4. Representing the entire Hessian for a network with N parameters needs O(N²) space, where N is on the order of 10⁹, so you couldn't use a method that needs the whole Hessian. There are so-called Quasi-Newton methods that need O(N) space though, like L-BFGS.
Neural networks need completely different optimisation methods, and there is no practically useful application of any of the Newton or Quasi-Newton methods for their optimisation.
> Neural networks need completely different optimisation methods, and there is no practically useful application of any of the Newton or Quasi-Newton methods for their optimisation.
I don't think this is quite fair. There are several variations of 2nd order methods, notably KFAC and Shampoo, that seem to quite effective for large-scale neural network training, e.g., see the intro of this paper for an overview: https://openreview.net/forum?id=-t9LPHRYKmi
I checked the paper.
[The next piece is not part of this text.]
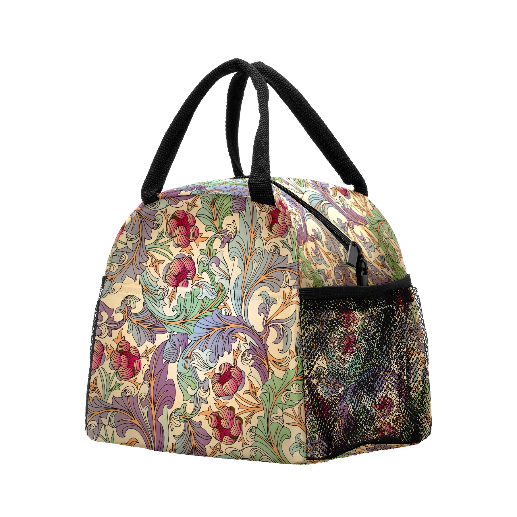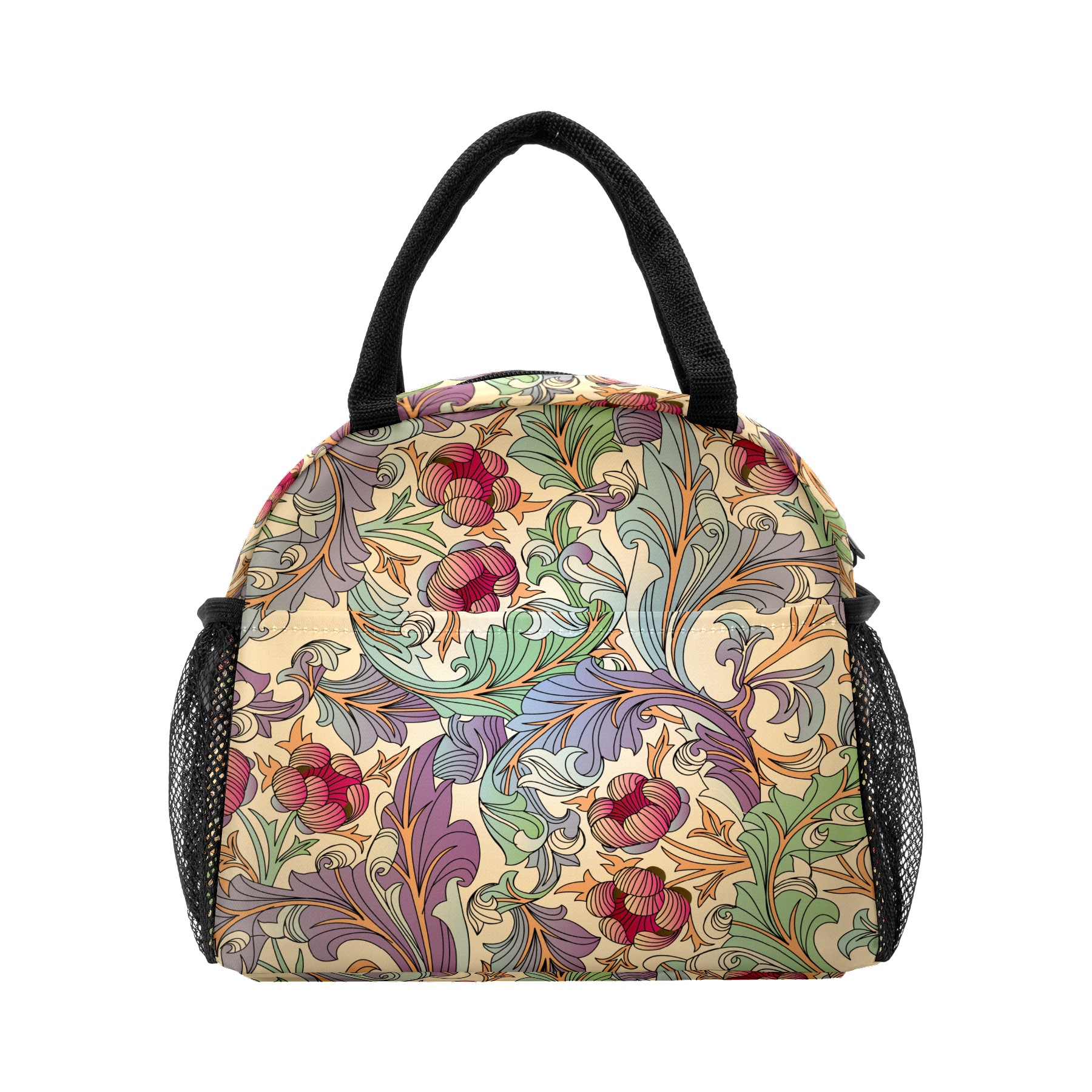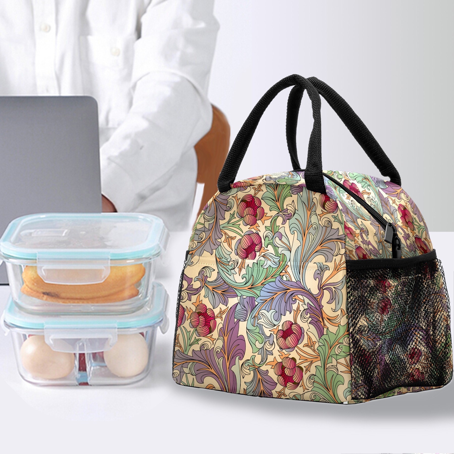 Lunch Bag for Women Men, Vintage Ethnic Boho Floral Print Insulated Reusable Lunch Box Thermal Cooler Tote Bag for Work Picnic Hiking Travel Beach

The 2nd order method actually achieves 10 times worse minimum (it's much worse at minimisation), and the reason the results are better is because the network overfits less (Figure 3). The reviewers should have caught this!
One of the authors is Donald Goldfarb, who is the G in BFGS, so maybe they are onto something. But I'm always suspicious if the tests shown in a paper are fair.
Aside from the other note about 2nd order derivatives being a blocker for most of the models we work with these days, and the fact that DL encounters non-convex loss functions, the other big difference is that we're used to training with SGD which only needs unbiased estimates of a gradient based on samples / batches. This family of approaches requires _actual_ derivatives, i.e. from looking at the whole dataset. If you have estimates of the gradient only, I think basically none of the convergence arguments in this hold. This is basically also why we don't already use LBFGS (which doesn't hold onto the full hessian).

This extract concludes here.